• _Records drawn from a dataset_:

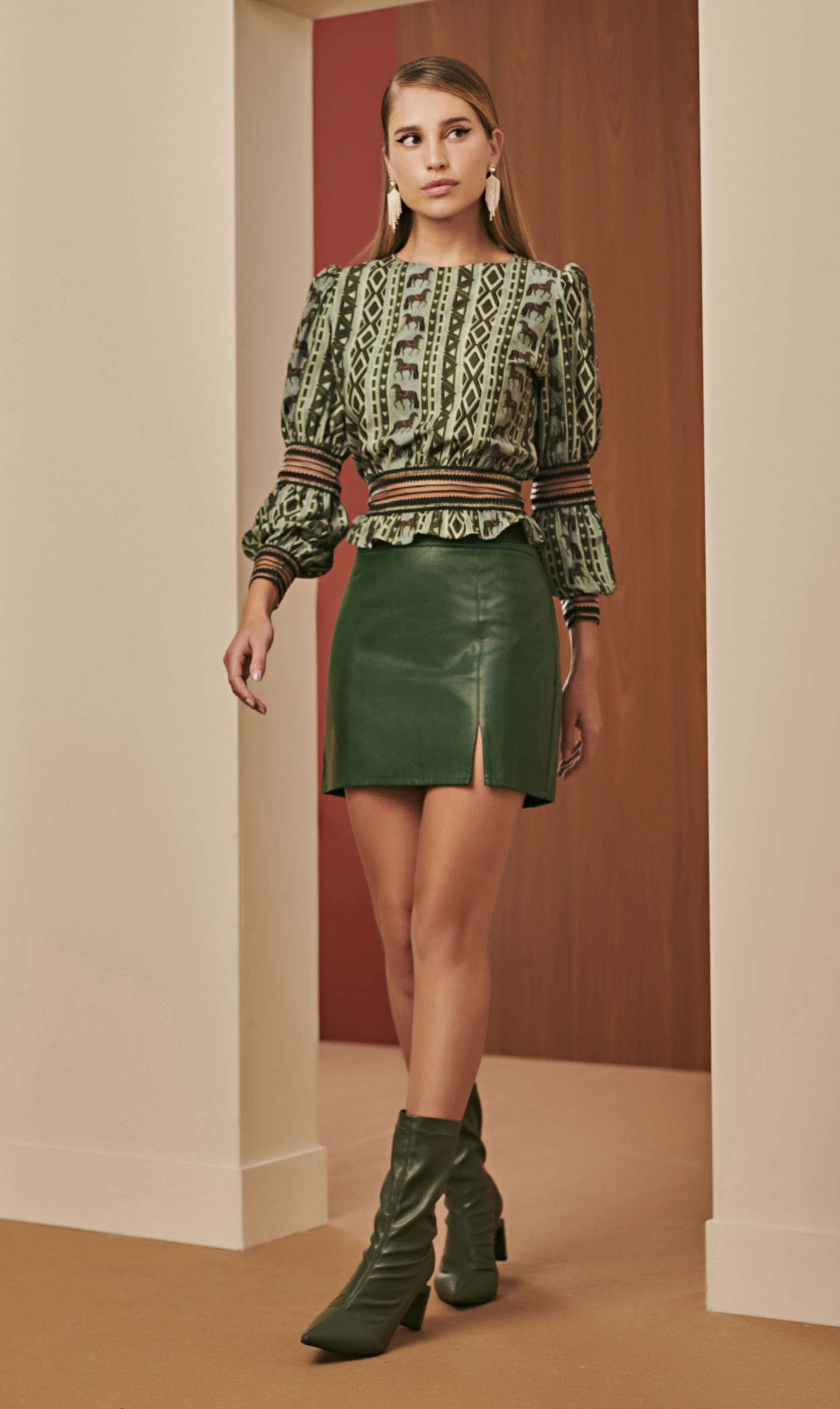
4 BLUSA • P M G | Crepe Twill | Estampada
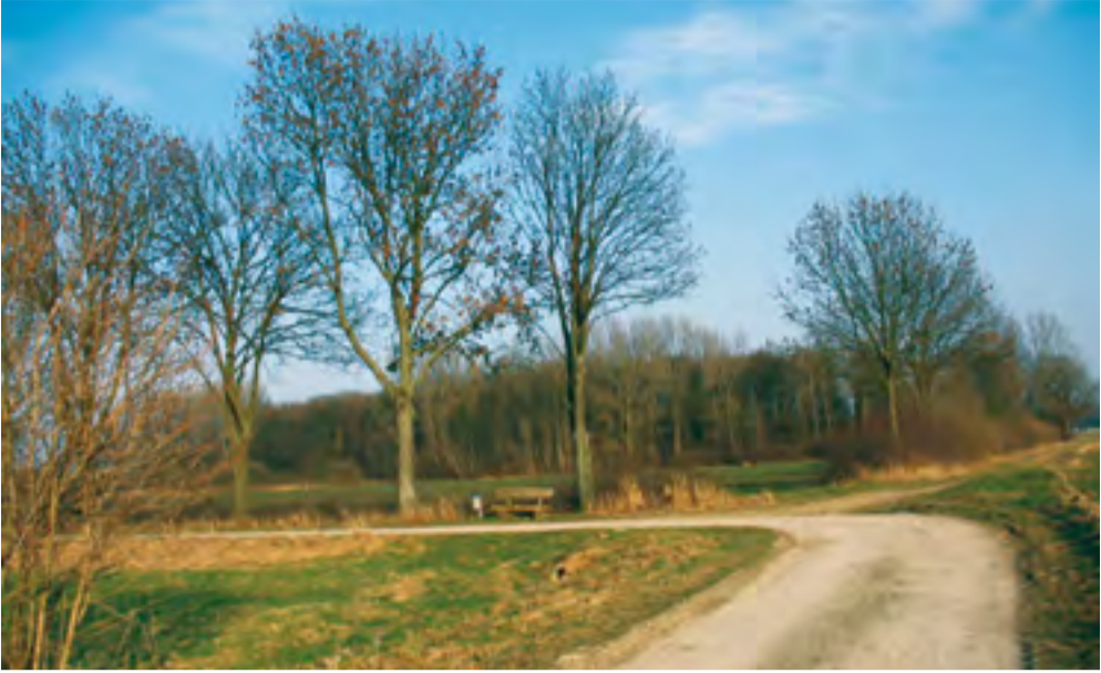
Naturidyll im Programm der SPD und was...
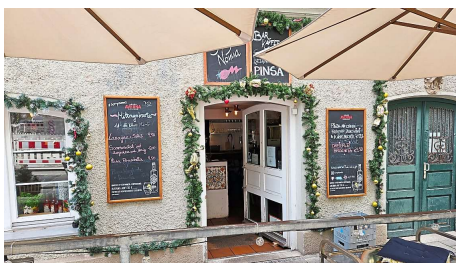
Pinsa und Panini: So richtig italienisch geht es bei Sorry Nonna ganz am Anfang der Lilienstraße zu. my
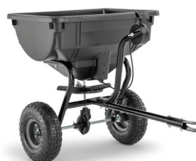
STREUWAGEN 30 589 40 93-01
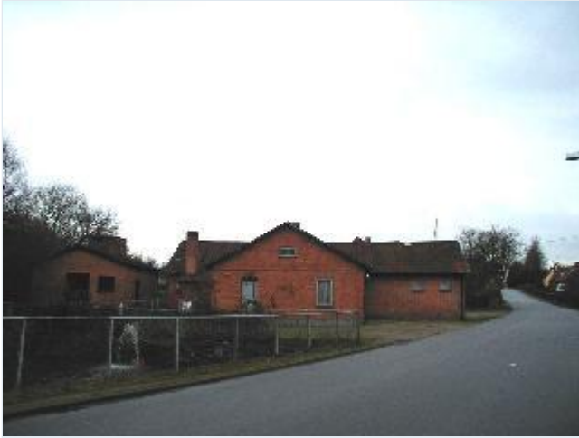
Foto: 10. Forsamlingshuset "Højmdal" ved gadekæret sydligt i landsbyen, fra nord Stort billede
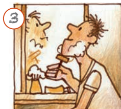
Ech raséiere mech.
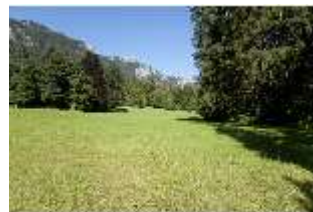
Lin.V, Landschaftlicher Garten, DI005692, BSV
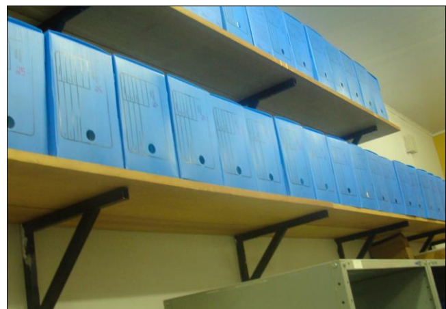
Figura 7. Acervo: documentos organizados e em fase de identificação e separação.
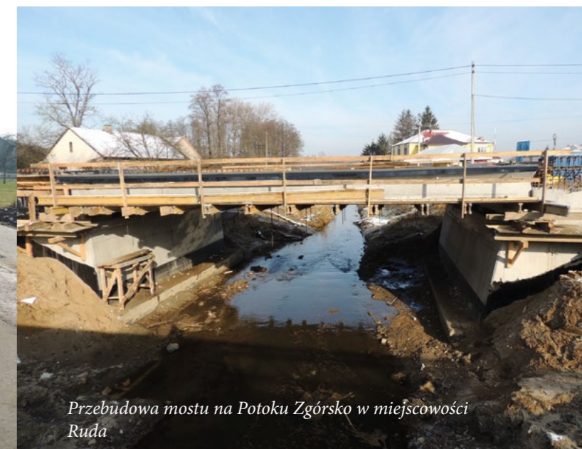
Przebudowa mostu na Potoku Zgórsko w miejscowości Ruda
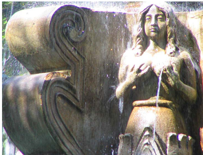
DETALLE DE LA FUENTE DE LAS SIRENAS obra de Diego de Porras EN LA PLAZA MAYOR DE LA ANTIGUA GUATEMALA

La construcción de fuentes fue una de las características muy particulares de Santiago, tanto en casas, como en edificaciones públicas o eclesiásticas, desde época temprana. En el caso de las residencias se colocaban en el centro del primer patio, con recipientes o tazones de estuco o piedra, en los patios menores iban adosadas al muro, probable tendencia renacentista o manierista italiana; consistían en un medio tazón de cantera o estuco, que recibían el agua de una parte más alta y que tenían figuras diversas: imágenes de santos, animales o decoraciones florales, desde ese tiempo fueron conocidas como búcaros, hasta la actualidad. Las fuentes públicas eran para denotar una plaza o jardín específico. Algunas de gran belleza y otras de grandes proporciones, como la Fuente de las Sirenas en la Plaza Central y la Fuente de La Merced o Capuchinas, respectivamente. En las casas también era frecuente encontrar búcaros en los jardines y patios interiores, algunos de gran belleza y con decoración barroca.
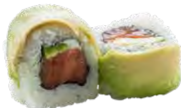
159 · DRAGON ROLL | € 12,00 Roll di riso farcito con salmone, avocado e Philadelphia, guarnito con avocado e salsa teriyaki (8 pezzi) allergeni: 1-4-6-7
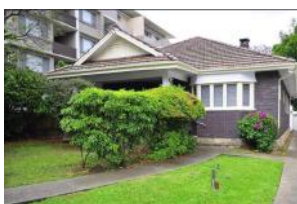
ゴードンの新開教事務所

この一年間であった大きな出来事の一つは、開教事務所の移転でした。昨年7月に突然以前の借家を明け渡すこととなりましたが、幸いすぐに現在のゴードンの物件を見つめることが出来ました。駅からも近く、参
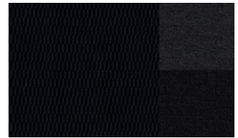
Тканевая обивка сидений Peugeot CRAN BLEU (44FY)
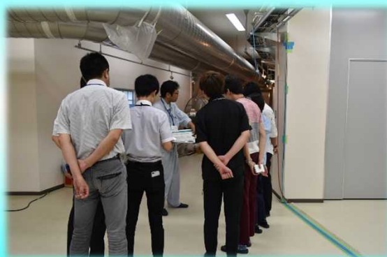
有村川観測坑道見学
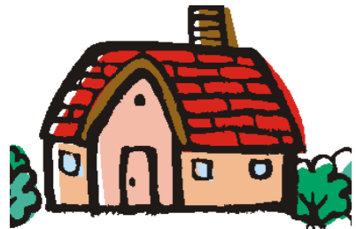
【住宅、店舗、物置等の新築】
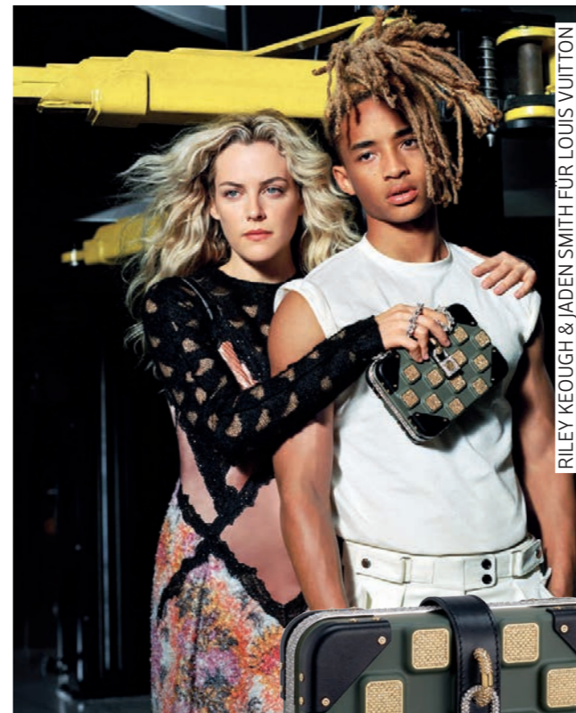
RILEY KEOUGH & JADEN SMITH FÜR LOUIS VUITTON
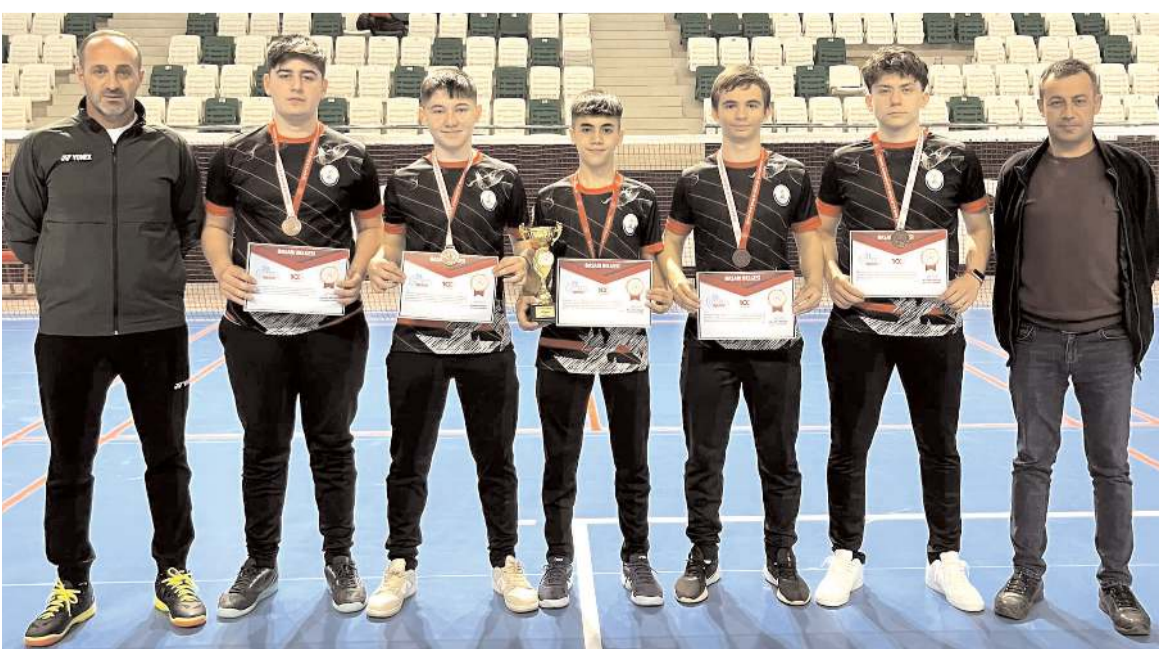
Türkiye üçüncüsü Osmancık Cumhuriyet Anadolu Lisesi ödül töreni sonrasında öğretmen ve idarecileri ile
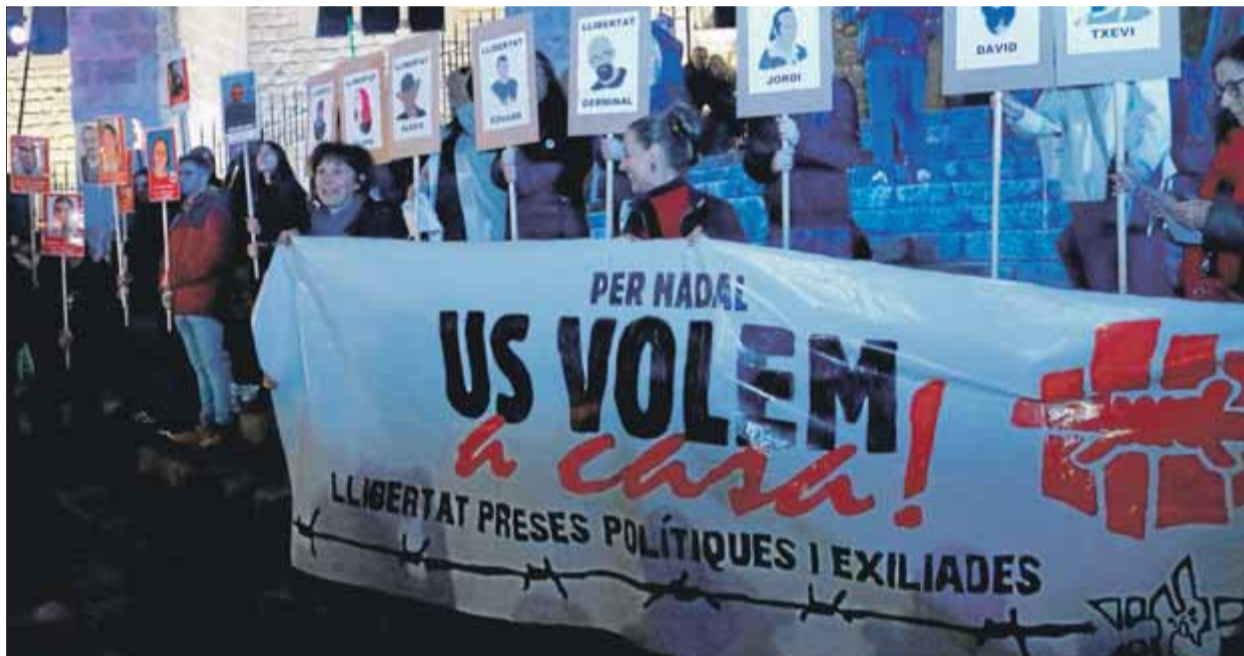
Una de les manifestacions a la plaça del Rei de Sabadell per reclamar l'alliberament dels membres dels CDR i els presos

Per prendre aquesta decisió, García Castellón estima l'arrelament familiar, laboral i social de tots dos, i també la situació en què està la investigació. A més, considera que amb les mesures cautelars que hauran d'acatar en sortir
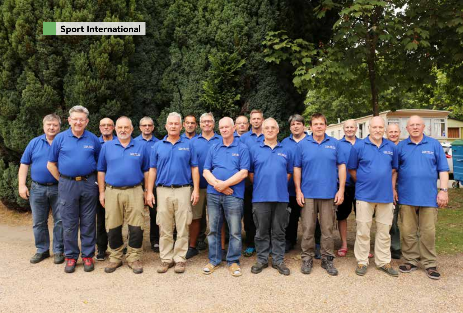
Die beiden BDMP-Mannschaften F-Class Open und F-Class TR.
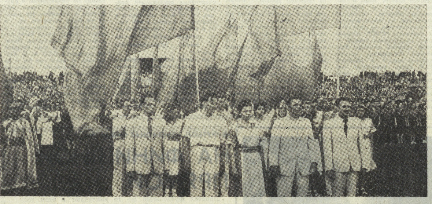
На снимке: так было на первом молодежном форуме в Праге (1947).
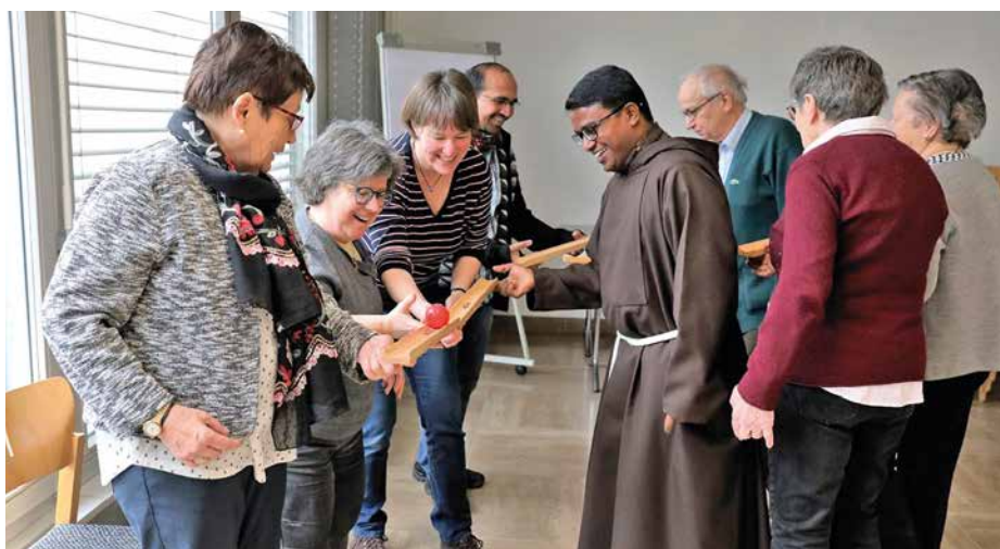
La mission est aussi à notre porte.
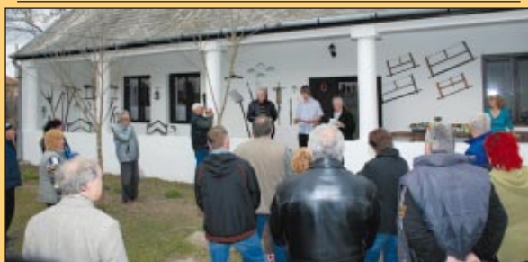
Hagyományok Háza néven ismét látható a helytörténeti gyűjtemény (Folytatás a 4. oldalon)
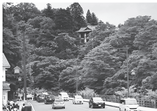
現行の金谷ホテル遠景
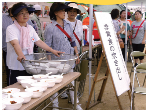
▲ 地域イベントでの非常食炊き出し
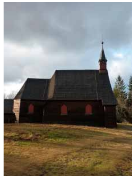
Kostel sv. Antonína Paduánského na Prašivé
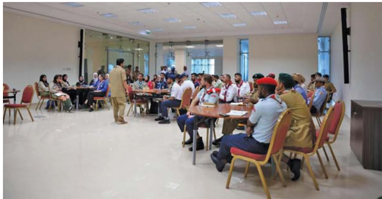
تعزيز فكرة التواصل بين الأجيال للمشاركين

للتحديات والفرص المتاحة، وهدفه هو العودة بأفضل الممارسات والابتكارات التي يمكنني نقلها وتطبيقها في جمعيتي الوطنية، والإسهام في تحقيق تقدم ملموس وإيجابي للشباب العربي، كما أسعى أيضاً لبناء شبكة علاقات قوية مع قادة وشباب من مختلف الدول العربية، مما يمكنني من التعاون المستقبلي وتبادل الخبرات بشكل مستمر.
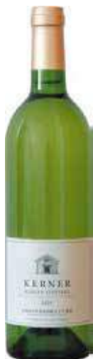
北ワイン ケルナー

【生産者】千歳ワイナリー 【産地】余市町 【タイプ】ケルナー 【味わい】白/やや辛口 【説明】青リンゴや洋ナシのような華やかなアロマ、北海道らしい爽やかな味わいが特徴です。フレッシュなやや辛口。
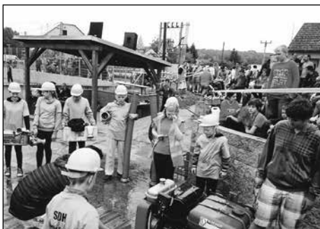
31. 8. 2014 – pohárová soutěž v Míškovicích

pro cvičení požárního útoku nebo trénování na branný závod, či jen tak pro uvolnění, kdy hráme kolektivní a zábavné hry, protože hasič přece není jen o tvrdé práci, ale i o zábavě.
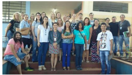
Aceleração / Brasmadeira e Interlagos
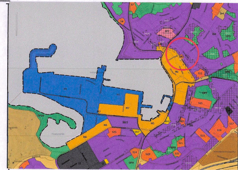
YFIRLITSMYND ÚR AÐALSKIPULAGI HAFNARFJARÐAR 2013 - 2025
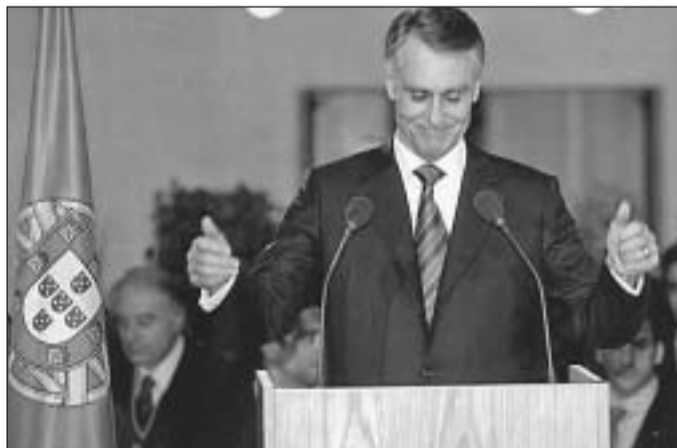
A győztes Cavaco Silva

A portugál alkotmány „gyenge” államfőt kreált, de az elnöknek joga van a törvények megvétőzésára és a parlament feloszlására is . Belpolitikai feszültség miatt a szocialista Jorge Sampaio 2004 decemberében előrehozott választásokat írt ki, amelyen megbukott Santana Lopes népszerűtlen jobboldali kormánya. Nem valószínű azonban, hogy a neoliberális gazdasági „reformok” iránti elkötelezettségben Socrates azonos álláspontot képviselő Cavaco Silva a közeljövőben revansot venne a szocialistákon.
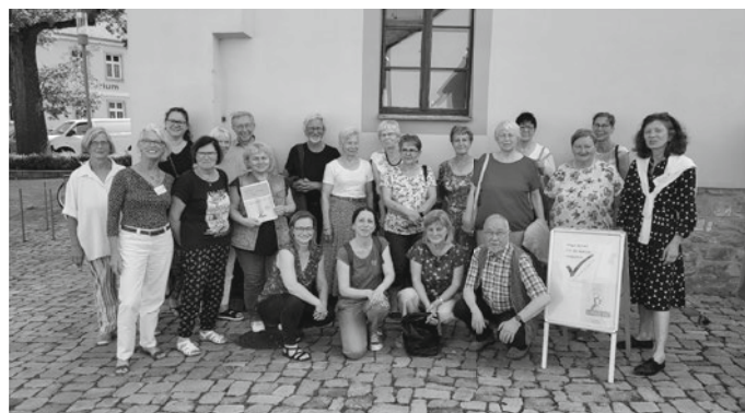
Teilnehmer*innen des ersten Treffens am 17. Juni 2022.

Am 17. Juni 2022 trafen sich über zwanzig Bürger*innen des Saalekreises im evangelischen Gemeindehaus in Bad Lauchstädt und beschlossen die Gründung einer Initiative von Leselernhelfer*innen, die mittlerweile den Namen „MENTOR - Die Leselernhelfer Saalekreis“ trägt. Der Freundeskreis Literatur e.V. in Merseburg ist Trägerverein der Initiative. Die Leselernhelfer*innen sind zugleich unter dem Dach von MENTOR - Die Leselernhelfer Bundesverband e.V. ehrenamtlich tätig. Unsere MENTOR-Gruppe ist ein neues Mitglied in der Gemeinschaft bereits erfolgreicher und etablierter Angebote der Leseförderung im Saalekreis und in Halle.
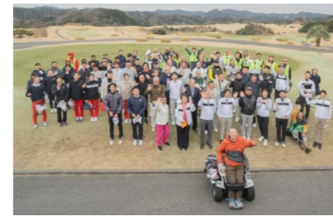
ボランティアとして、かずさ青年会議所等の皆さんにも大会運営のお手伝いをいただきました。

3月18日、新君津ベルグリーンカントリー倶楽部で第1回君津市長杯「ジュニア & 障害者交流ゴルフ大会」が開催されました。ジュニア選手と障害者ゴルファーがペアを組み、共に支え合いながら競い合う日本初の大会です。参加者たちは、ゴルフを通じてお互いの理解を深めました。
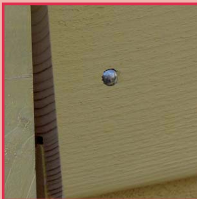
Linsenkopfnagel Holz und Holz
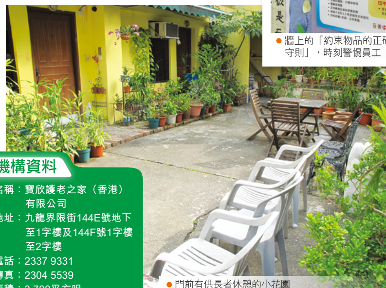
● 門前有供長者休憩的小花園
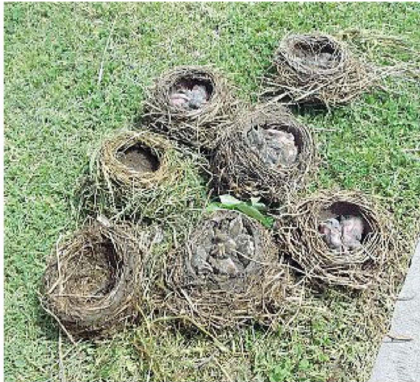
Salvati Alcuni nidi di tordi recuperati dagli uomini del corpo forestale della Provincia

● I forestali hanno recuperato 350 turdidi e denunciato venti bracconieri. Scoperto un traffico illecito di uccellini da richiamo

• _THE PROBLEM_: Above are records; repeat only the lines from the line with "На снимке: так" through the line with "Teilnehmer*innen des ersten", and leave pictures out.

• _SOLUTION_:
На снимке: так было на первом молодежном форуме в Праге (1947).
La mission est aussi à notre porte.
Hagyományok Háza néven ismét látható a helytörténeti gyűjtemény (Folytatás a 4. oldalon)
現行の金谷ホテル遠景
▲ 地域イベントでの非常食炊き出し
Kostel sv. Antonína Paduánského na Prašivé
تعزيز فكرة التواصل بين الأجيال للمشاركين

للتحديات والفرص المتاحة، وهدفه هو العودة بأفضل الممارسات والابتكارات التي يمكنني نقلها وتطبيقها في جمعيتي الوطنية، والإسهام في تحقيق تقدم ملموس وإيجابي للشباب العربي، كما أسعى أيضاً لبناء شبكة علاقات قوية مع قادة وشباب من مختلف الدول العربية، مما يمكنني من التعاون المستقبلي وتبادل الخبرات بشكل مستمر.
北ワイン ケルナー

【生産者】千歳ワイナリー 【産地】余市町 【タイプ】ケルナー 【味わい】白/やや辛口 【説明】青リンゴや洋ナシのような華やかなアロマ、北海道らしい爽やかな味わいが特徴です。フレッシュなやや辛口。
31. 8. 2014 – pohárová soutěž v Míškovicích

pro cvičení požárního útoku nebo trénování na branný závod, či jen tak pro uvolnění, kdy hráme kolektivní a zábavné hry, protože hasič přece není jen o tvrdé práci, ale i o zábavě.
Aceleração / Brasmadeira e Interlagos
YFIRLITSMYND ÚR AÐALSKIPULAGI HAFNARFJARÐAR 2013 - 2025
A győztes Cavaco Silva

A portugál alkotmány „gyenge” államfőt kreált, de az elnöknek joga van a törvények megvétőzésára és a parlament feloszlására is . Belpolitikai feszültség miatt a szocialista Jorge Sampaio 2004 decemberében előrehozott választásokat írt ki, amelyen megbukott Santana Lopes népszerűtlen jobboldali kormánya. Nem valószínű azonban, hogy a neoliberális gazdasági „reformok” iránti elkötelezettségben Socrates azonos álláspontot képviselő Cavaco Silva a közeljövőben revansot venne a szocialistákon.
Teilnehmer*innen des ersten Treffens am 17. Juni 2022.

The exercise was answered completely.